**EXERCISE:**
Required from the data below: the exact lines starting at the line containing "SIMAS Londra Раковина" and ending at the line containing "Каркас цвета золота, плафон", with both ends kept and all pictures dropped.

Start of Block

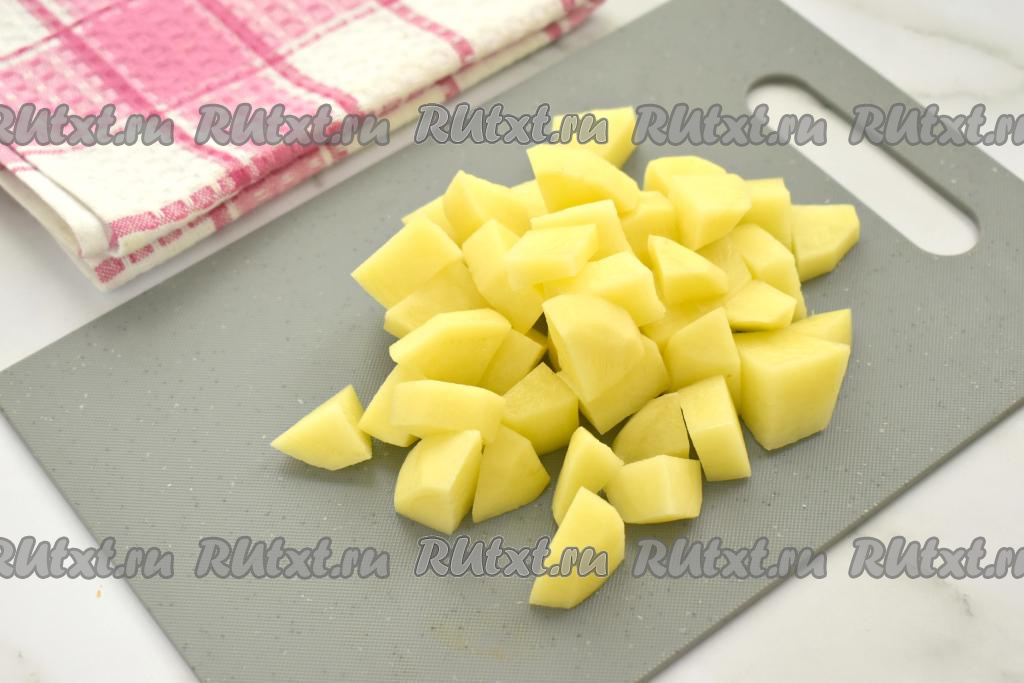Картофель нарезаем на небольшие кубики. В кастрюлю с закипевшим бульоном выкладываем картошку и капусту, доводим до кипения, уменьшаем огонь, варим 20 минут.
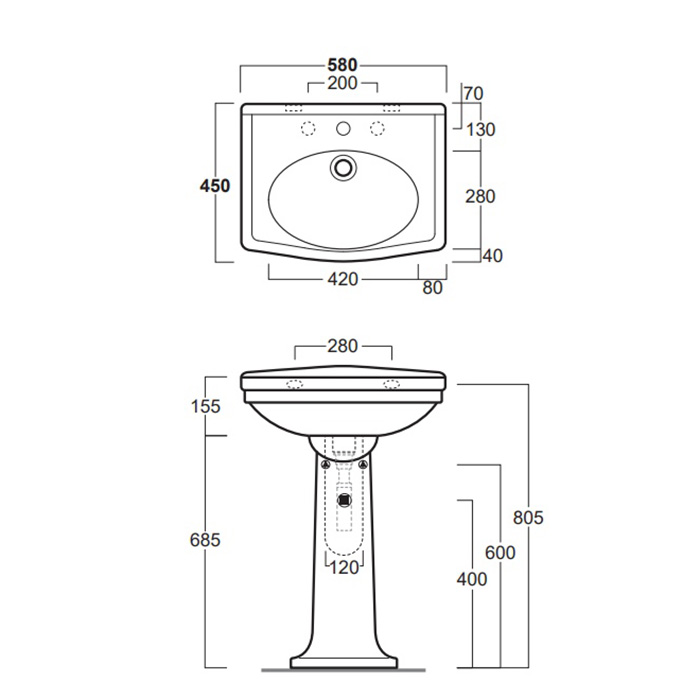 SIMAS Londra Раковина 58х45 см, 1 отв., цвет: белый
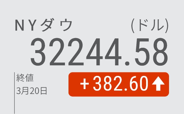 【NQNニューヨーク=川上純平】20日の米株式市場でダウ工業株30種平均は反発し、前週末比382ドル60セント(1.2%)高の3万2244ドル58セントで終えた。欧州金融機関の経営不安から金融システムが不安定化するとの懸念が和らいだ。先週末にかけて大きく売られていた景気敏感株が買い直され、相場を押し上げた。
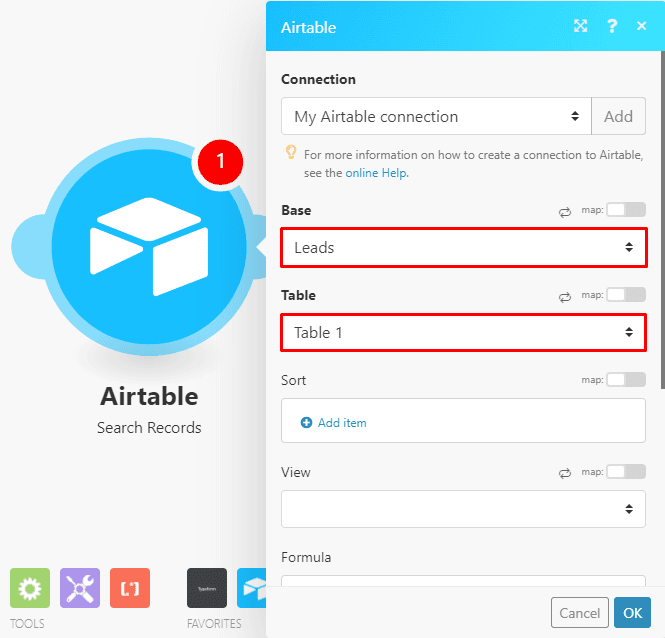 Okay, now open the new “Search records” Airtable module (the third one on your scenario).
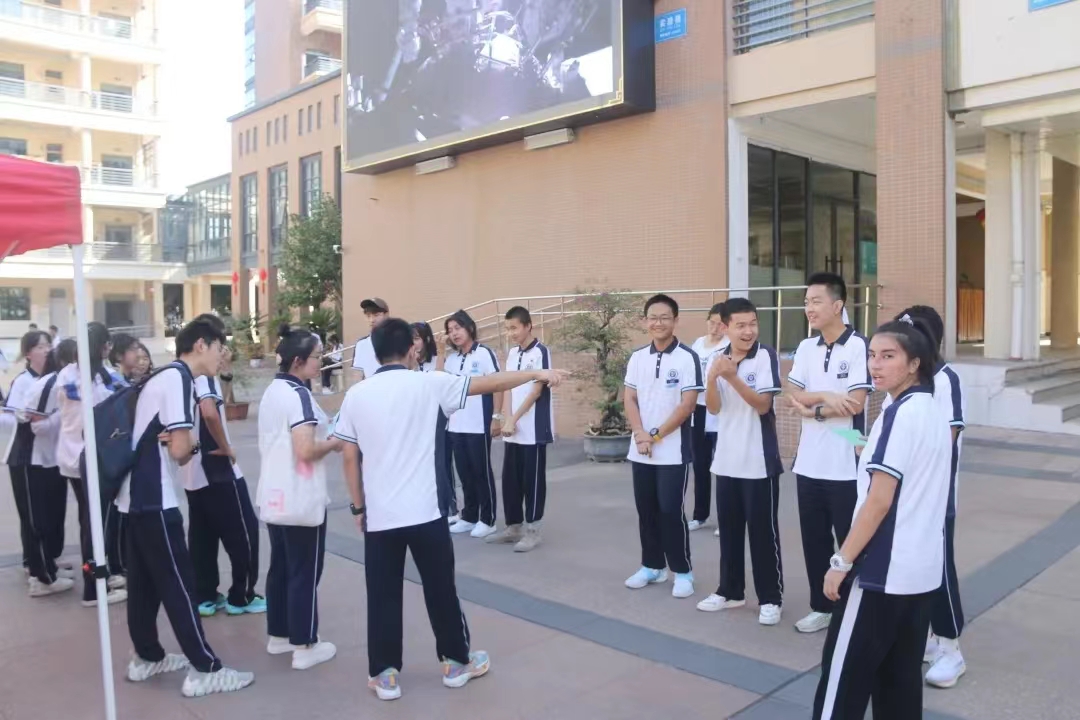10月2日上午8:30,新疆部内广场上“竞趣国庆,少年意气正当时”智力游园活动悄然拉开序幕。高一高二段全体学生参与了“反应力大考验”“齐心协力”“我们的默契”等八项智力游戏。同学们在一片欢笑声、抢答声中,锻炼脑力思维,体验团结协作的魅力。
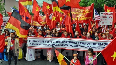 Chiều ngày 14/6 tại quảng trường Alexanderplatz ở thủ đô Berlin, Cộng hòa liên bang Đức, hơn 3.000 bà con Việt kiều đang sinh sống tại Đức đã tổ chức cuộc míttinh, biểu tình lớn phản đối các hoạt động xây đảo nhân tạo của Trung Quốc tại khu vực quần đảo Trường Sa của Việt Nam.
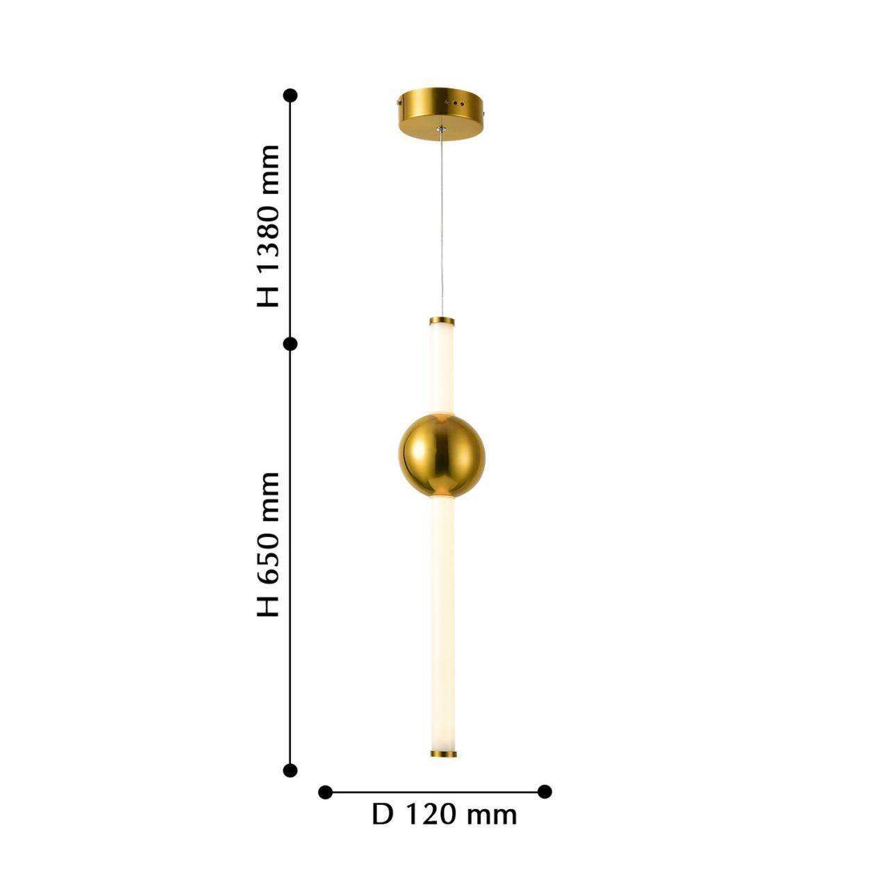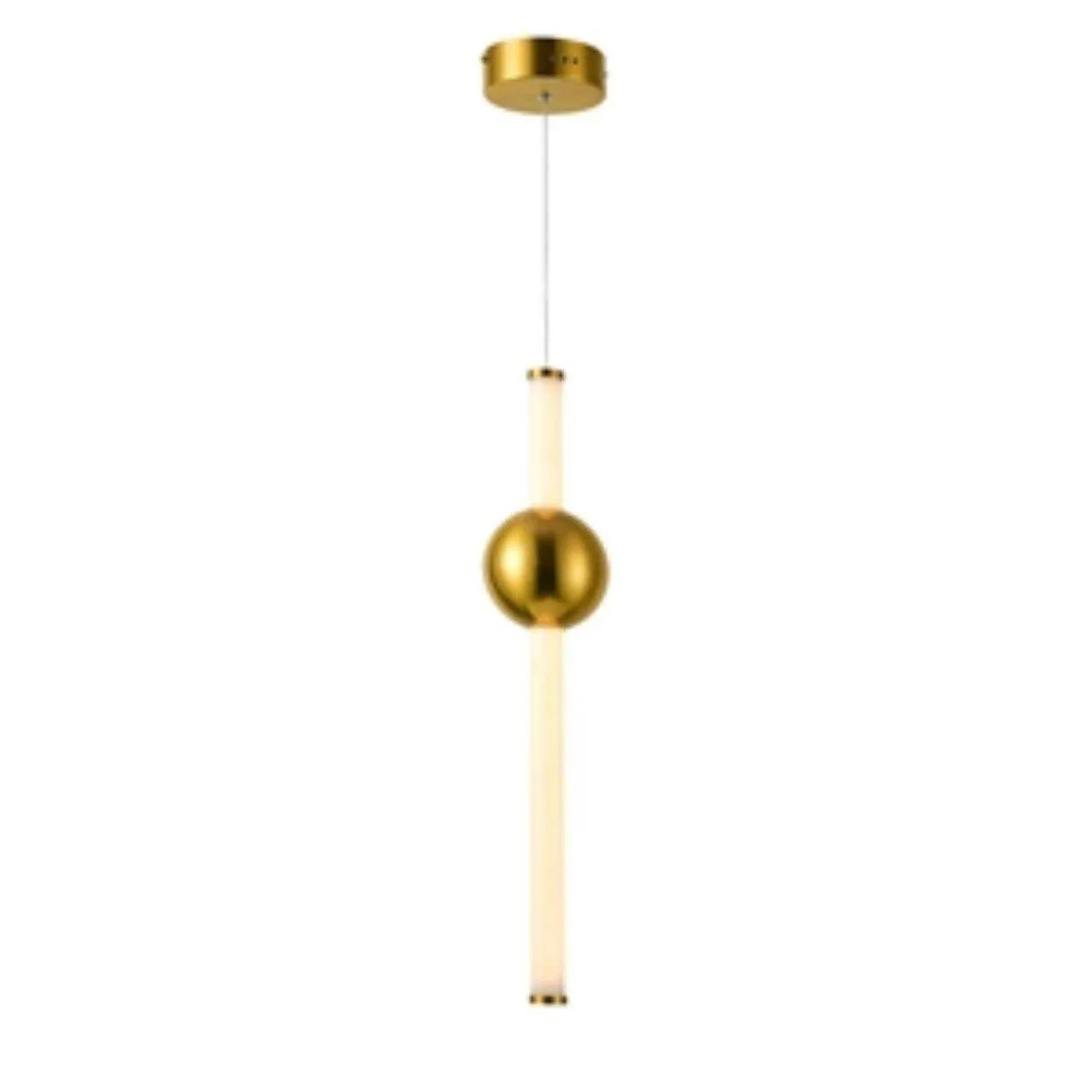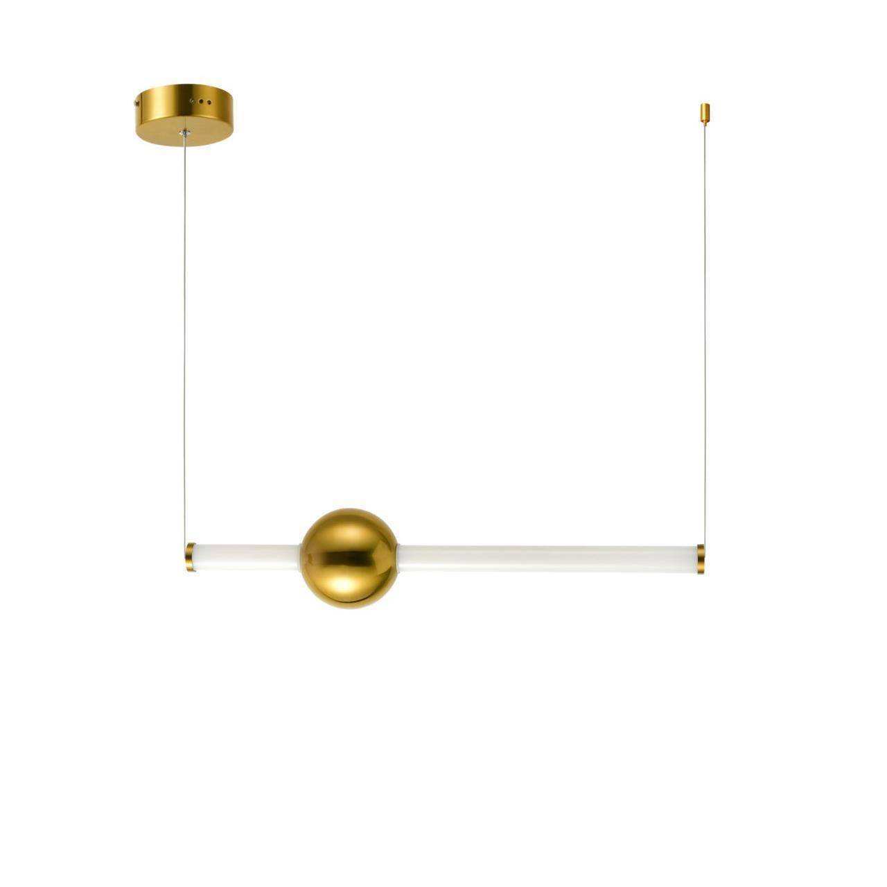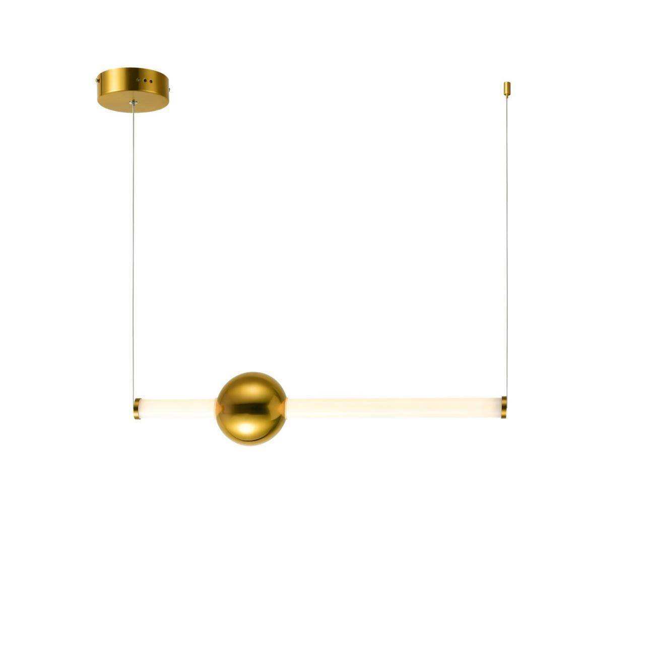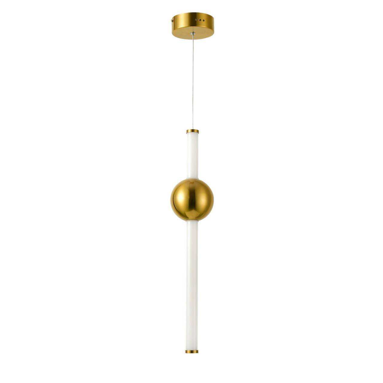 Каркас цвета золота, плафон из белого матового стекла, декоративный элемент в виде шара цвета золота
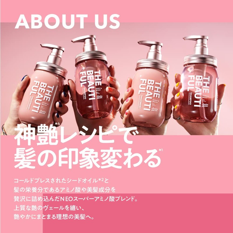 - *1 Complementing and texture of hair such as moisturizing and clumping *2 compared to our company *3 Prukenesian Avolilis seed oil, jojoba seed oil, terijabakk seed oil, screro carian villa seed oil, broccoli seed oil, watermelon seed oil [blended with amino mason shiny & moist shampoo]
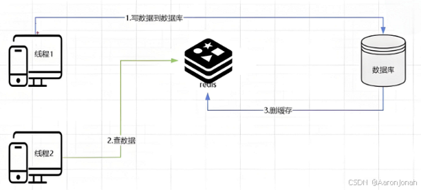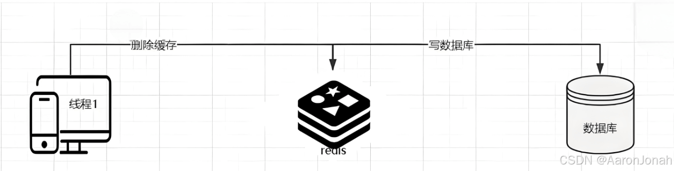 1. 线程1发起修改数据请求,先更新数据库。

End of Block

**FINAL ANSWER:**
 SIMAS Londra Раковина 58х45 см, 1 отв., цвет: белый
 【NQNニューヨーク=川上純平】20日の米株式市場でダウ工業株30種平均は反発し、前週末比382ドル60セント(1.2%)高の3万2244ドル58セントで終えた。欧州金融機関の経営不安から金融システムが不安定化するとの懸念が和らいだ。先週末にかけて大きく売られていた景気敏感株が買い直され、相場を押し上げた。
 Okay, now open the new “Search records” Airtable module (the third one on your scenario).
10月2日上午8:30,新疆部内广场上“竞趣国庆,少年意气正当时”智力游园活动悄然拉开序幕。高一高二段全体学生参与了“反应力大考验”“齐心协力”“我们的默契”等八项智力游戏。同学们在一片欢笑声、抢答声中,锻炼脑力思维,体验团结协作的魅力。
 Chiều ngày 14/6 tại quảng trường Alexanderplatz ở thủ đô Berlin, Cộng hòa liên bang Đức, hơn 3.000 bà con Việt kiều đang sinh sống tại Đức đã tổ chức cuộc míttinh, biểu tình lớn phản đối các hoạt động xây đảo nhân tạo của Trung Quốc tại khu vực quần đảo Trường Sa của Việt Nam.
 Каркас цвета золота, плафон из белого матового стекла, декоративный элемент в виде шара цвета золота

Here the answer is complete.